§ AIM OF THE TASK
Below are records; extract exactly the lines from the one with "స్వాతంత్ర్య ఉద్యమంపై ఉపన్యాసం" through the final line, including both, but drop the pictures.

§ DATA EXCERPTS
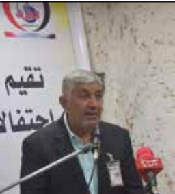
بقلم : محمد الحريايي

قالت له زوجته لا يوجد لدينا مواد غذائية ولا حتى ألف دينار ماذا أفعل؟ اجابها بصوت حزين غدا صباحا سيكون لدينا حسين نائما ساقوم ببيع زوج الحمام في سوق الجمعة وسأجلب بمبلغها موادا غذائية. جاء الصباح وخرج الأب إلى سوق الجمعة، يتحين للناظر أنه لم يبق الطعام منذ أربعة أيام، ما إن وقف في السوق ليعرض الحمامتين للبيع وصل رجال الشرطة واقتادوه إلى السيارة، قال بصوت حزين صوت فقير يشهد الله تركت عائلتي بلا أكل وليس لدي مصدر رزق، وهاتين الحمامتين لولدي جئت لأبيعهما لأشتري لهم موادا غذائية، لم يستمع الشرطة لما يقول وقال له اصعد لقد كسرت الحظ.
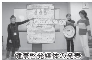
健康啓発媒体の発表

Q. 健康の啓発、って何をしているの? A. 「どうしたら身近に健康を感じてもらえるか」、「楽しく取り組むにはどうすればいいか」などをみんなで話し合いをし、寸劇など工夫を凝らして啓発を行っています。
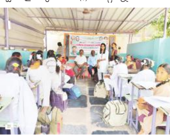
స్వాతంత్ర్య ఉద్యమంపై ఉపన్యాసం ఇస్తున్న విద్యార్థులు
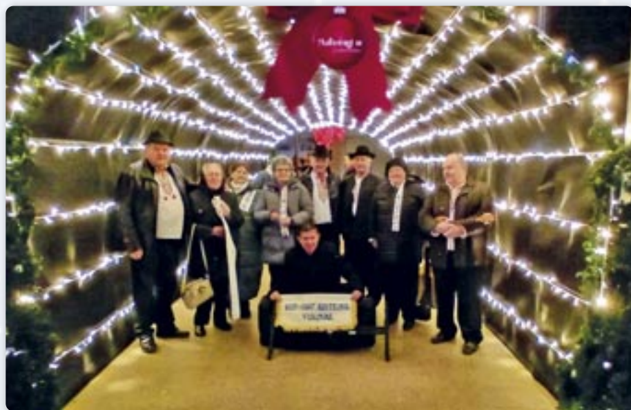
КУД „Осиф Костелник“ на Адвенту у Вуковаре

Внедзелю, 8. децембра на 18:30 годзин, у програми под назву „Ведно у Крачуне“ наступели Здружене Ма-

§ RESULT OF THIS EXERCISE
స్వాతంత్ర్య ఉద్యమంపై ఉపన్యాసం ఇస్తున్న విద్యార్థులు
КУД „Осиф Костелник“ на Адвенту у Вуковаре

Внедзелю, 8. децембра на 18:30 годзин, у програми под назву „Ведно у Крачуне“ наступели Здружене Ма-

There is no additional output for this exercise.